Philanthropy provides critical support for early education and care systems. Philanthropic gifts fund best practices and program-based solutions for children and families. And philanthropic individuals and organizations invest in the research, policy development, and advocacy that sustains the early education system and helps it grow.
But where can philanthropic funders go to learn about the many opportunities in the early education sector? The Center for High Impact Philanthropy has created a donor toolkit that offers a strong introduction to the sector, its key stakeholders, and promising practices.
“In the past thirty seconds,” the center’s website says, “three more children were born in the United States. All three of these infants may be equally capable, but as they grow older, there is a strong chance that only two will graduate from high school.
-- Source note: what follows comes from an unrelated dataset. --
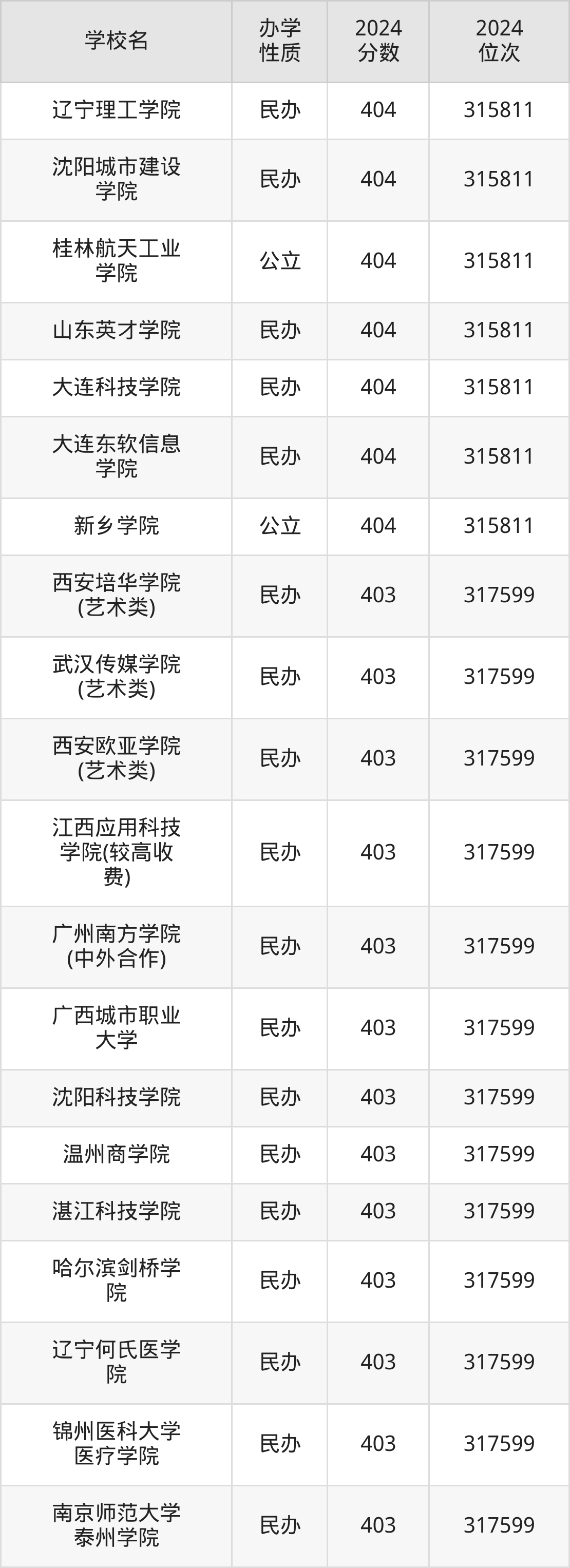 | 辽宁何氏医学 院 | 403 | 317599 |
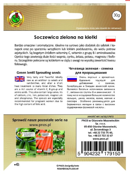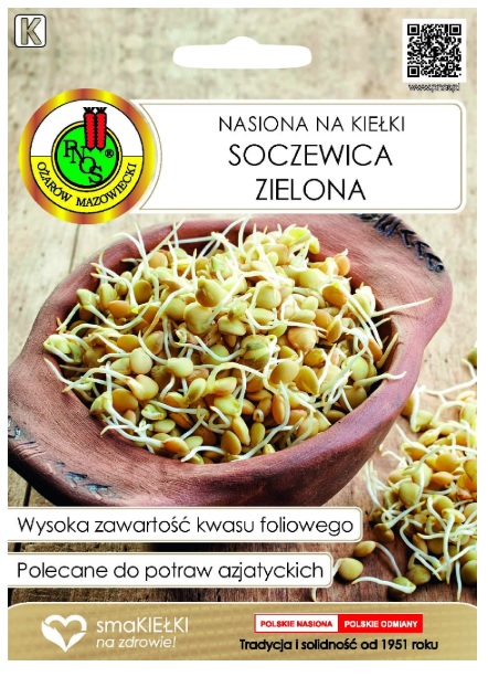 Nasiona na kiełki Soczewica zielona. Bardzo smaczne i aromatyczne. Idealne na surowo jako dodatek do sałatek i kanapek oraz po sparzeniu wrzątkiem lub lekkim podduszeniu, do wielu potraw azjatyckich. Bogate źródło witaminy C, witamin z grupy B i aminokwasów. Zawierają duże ilości wapnia, cynku, żelaza, potasu, magnezu i fosforu.

And it’s not just about high school graduation. The lack of strong support in early childhood means that millions of children in the U.S. face lives of lost potential. But it doesn’t have to be that way. Donors can help all children get an equal chance at a strong start.”
Part of the School of Social Policy and Practice at the University of Pennsylvania, the center was founded in 2006 and advises donors on how to get the best philanthropic bang for their buck. Center staff synthesize “the best available information from three domains: research, informed opinion and field experience. We believe the most promising opportunities exist where the recommendations of these three domains overlap.”
The toolkit was funded by the Annie E. Casey Foundation and developed with input from an advisory group of individual donors.
Investing in a Strong Start for Children
The center points to three compelling reasons to explain why now is an important time to invest in children:
• groundbreaking brain research that shows the significant impact of early intervention
• the high return on investment that these gifts generate, and
The website also provides examples of early childhood programs that the center has analyzed. The center encourages donors to consider these examples with a “two-generation lens,” looking for philanthropic opportunities to help children by helping their families.
There’s also a list of recommended resources on early childhood, that includes local organizations including Harvard’s Center on the Developing Child, and information from NIEER (the National Institute for Early Education Research) and the Annie E. Casey Foundation.
The center points to three strategies that donors can consider investing in:
• weaving a web of support for kids and families
• providing great places to learn, and
• preparing children to be strong readers
One of the “exemplar programs” that the center points to is the Incredible Years, a program that advances “the social and emotional behavior of children of all ethnic groups” through a series of interlocking training programs for parents, teachers and children.
Donors who are interested in this approach (or other approaches featured on the website) can use an online mapping tool to find the nonprofit organizations that use Incredible Years and make philanthropic gifts to these organizations.
A Model for Fundraising
The center’s descriptions of promising efforts provide a useful template of an outline that any nonprofit early childhood organization can use to create fundraising materials:
• define the problem
• describe the solution
• explain how the solution works and add supporting evidence
• explain the solution’s impact, and
• list the costs
Early childhood offers exciting opportunities for donors to see their dollars fund life-changing programs that prepare children for enduring success.
“As always, our hope is that our work will give donors the confidence to invest well — and to invest now,” the center explains on its blog. “Because children don’t wait to grow up, and we can’t afford to fail them any longer.”